Seems to be 40% faster but it's really depend of compiler optimizations ;-)

for (i=1, j=2, msk=1; i<0x100000000; i<<=2, j<<=2, msk<<=1) {
    if (A & msk) C |= i;
    if (B & msk) C |= j;
}

Answer 5

Turns out Tricore has a BMERGE instruction that does precisely what you want -- it takes two 16-bit values and interleaves the bits. If you're using the gcc-based toolchain, you should be able to use a single inline asm statement -- something like:

asm("bmerge %0,%1,%2" : "=r"(C) : "r"(A), "r"(B))

There's also a BSPLIT instruction that does the reverse.

Answer 6

The most likely type of solution to work on an MCU (which might be 8-bit and probably doesn't have a barrel shifter) is hand-coded assembly along these lines (taking A, B, and CL/CH as 16-bit registers):

LOOP:
  MOV CNT, 16
  RRC A     ; rotate A right through the carry
  RRC CH    ; carry enters C at the top
  RRC CL    ; continue roll through CL
  RRC B
  RRC CH
  RRC CL
  DJNZ CNT,LOOP

(Obviously each RRC becomes two if the MCU is 8-bit).

This solution "shuffles" the bits together while only rotating one bit per cycle, which any MCU can do.
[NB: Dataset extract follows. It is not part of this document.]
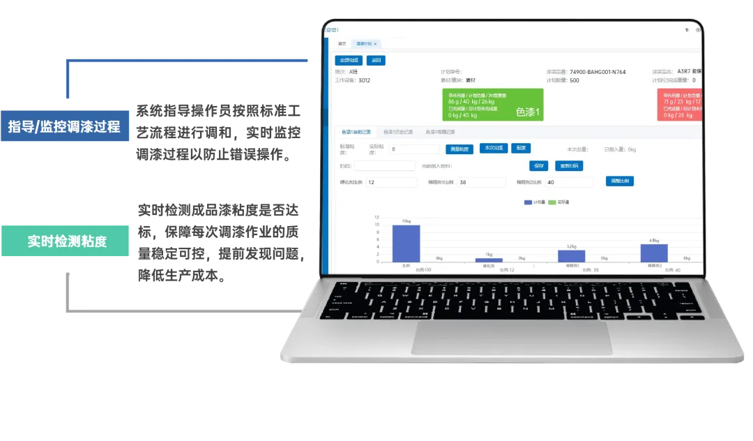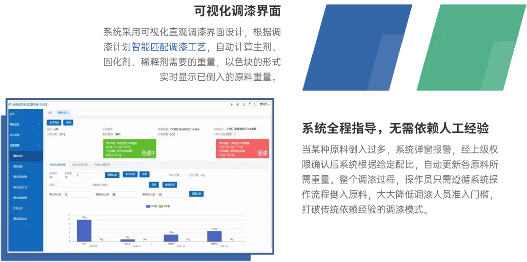在傳統(tǒng)的調(diào)漆和制漆過程中,過于依賴個人經(jīng)驗技能,靠師傅帶徒弟的方式培訓(xùn),人為因素容易導(dǎo)致調(diào)漆質(zhì)量不穩(wěn)定、風險大;漆料選用、使用、調(diào)漆操作等都依賴人工記錄,導(dǎo)致質(zhì)量問題無法追溯、漆料浪費大、統(tǒng)計數(shù)據(jù)不準確等問題。

You can try to write this in C but you'll need a very good optimizer to produce this sequence of instructions from something like lsb = A & 1; A >>= 1; C >>=1; C |= lsb << 31;

EDIT: With a 32-bit CPU you could consider all of the options listed at Bit Twiddling Hacks.

Answer 7

Try this :

for (i = 0; i < 32; i+=2)
{
    int i2 = i >> 1 ;
    int andval = 1 << i2 ;
    C |=  (A & andval) << i2;
    C |=  (B & andval) << (i2 + 1);
}

but your compiler has probably done this optimisation already.